++++ Listed records ++++
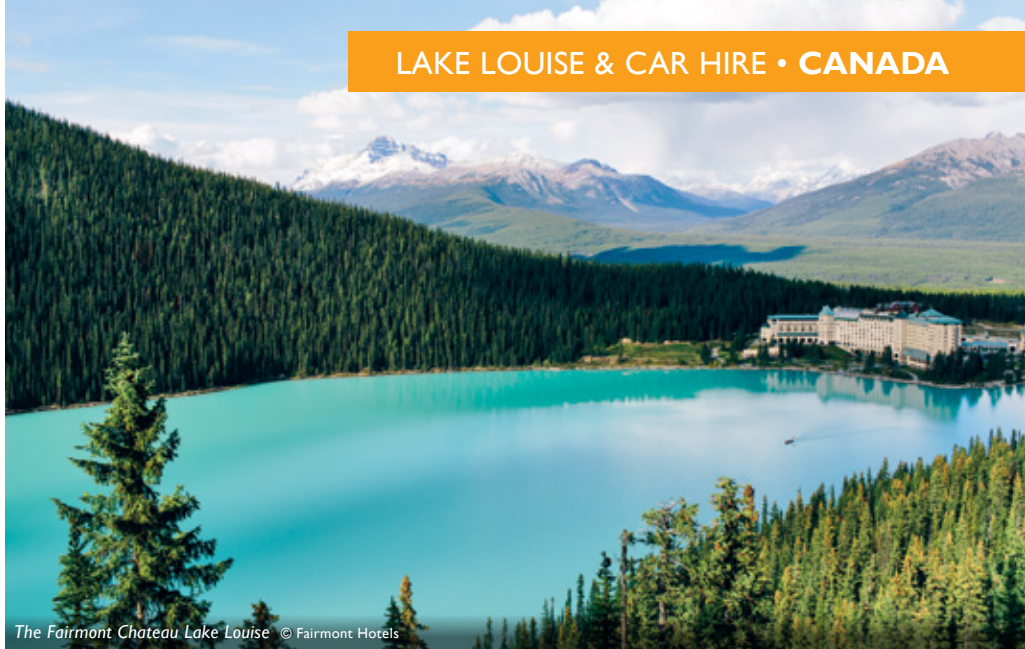
The Fairmont Chateau Lake Louise

Set within a charming 1920s hand-hewn wooden lodge, this historic property has 71 well-appointed ensuite rooms, a state-of-the-art rooftop hot tub, a traditional sauna and restaurant. Walk to the area's many heritage landmarks or to the famous lake.
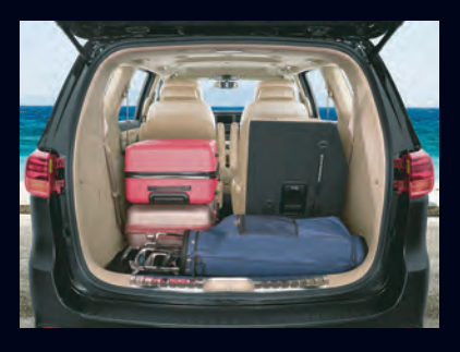
**Boot Space + 3<sup>rd</sup>/4<sup>th</sup> Row Pop-up Sinking Seats With the 3<sup>rd</sup> row in play, you get 540 litres. Fold those seats down and it's a massive 1624 litres of boot space. **By internal testing VDA method

The connected HD Touchscreen renders a futuristic look to the cockpit and reduces distraction while driving.
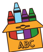
Goods to Continue Child Care
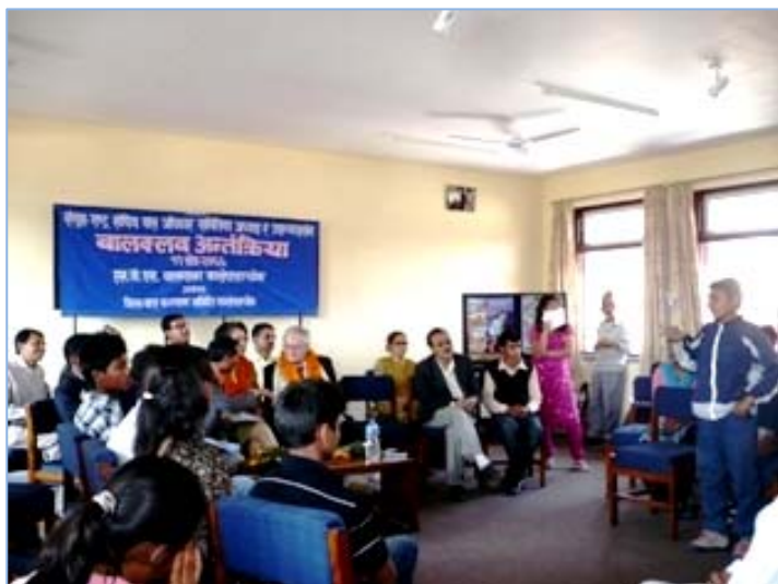
Advocacy for child rights

Three days training on child rights, child club management, health, sanitation and hygiene is provided to them each year. Two child club member and one focal teacher from each school participate in the training. Material is also supported to them to manage and regulate the club.
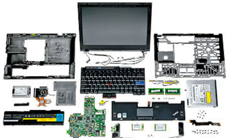
Lenovo ThinkPad X300, X301
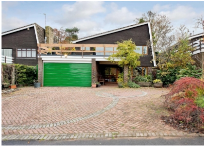
18 Perton Brook Vale, Wightwick
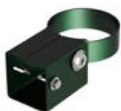
End / Intermediate / Angle
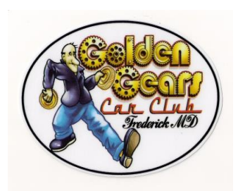
We're on the Web! www.goldengears.org
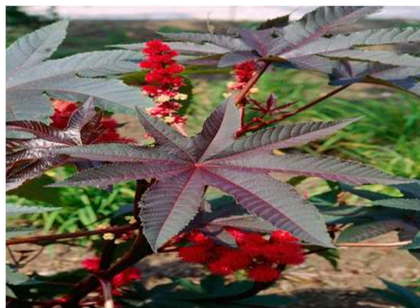
Fig. 3: Ricinus communis plant
++++
**Task details**
The answer consists solely of the lines from the one holding "Advocacy for child rights" through the final line of the records, both ends included, each duplicated exactly. Leave images out.

**Answer space**
Advocacy for child rights

Three days training on child rights, child club management, health, sanitation and hygiene is provided to them each year. Two child club member and one focal teacher from each school participate in the training. Material is also supported to them to manage and regulate the club.
Lenovo ThinkPad X300, X301
18 Perton Brook Vale, Wightwick
End / Intermediate / Angle
We're on the Web! www.goldengears.org
Fig. 3: Ricinus communis plant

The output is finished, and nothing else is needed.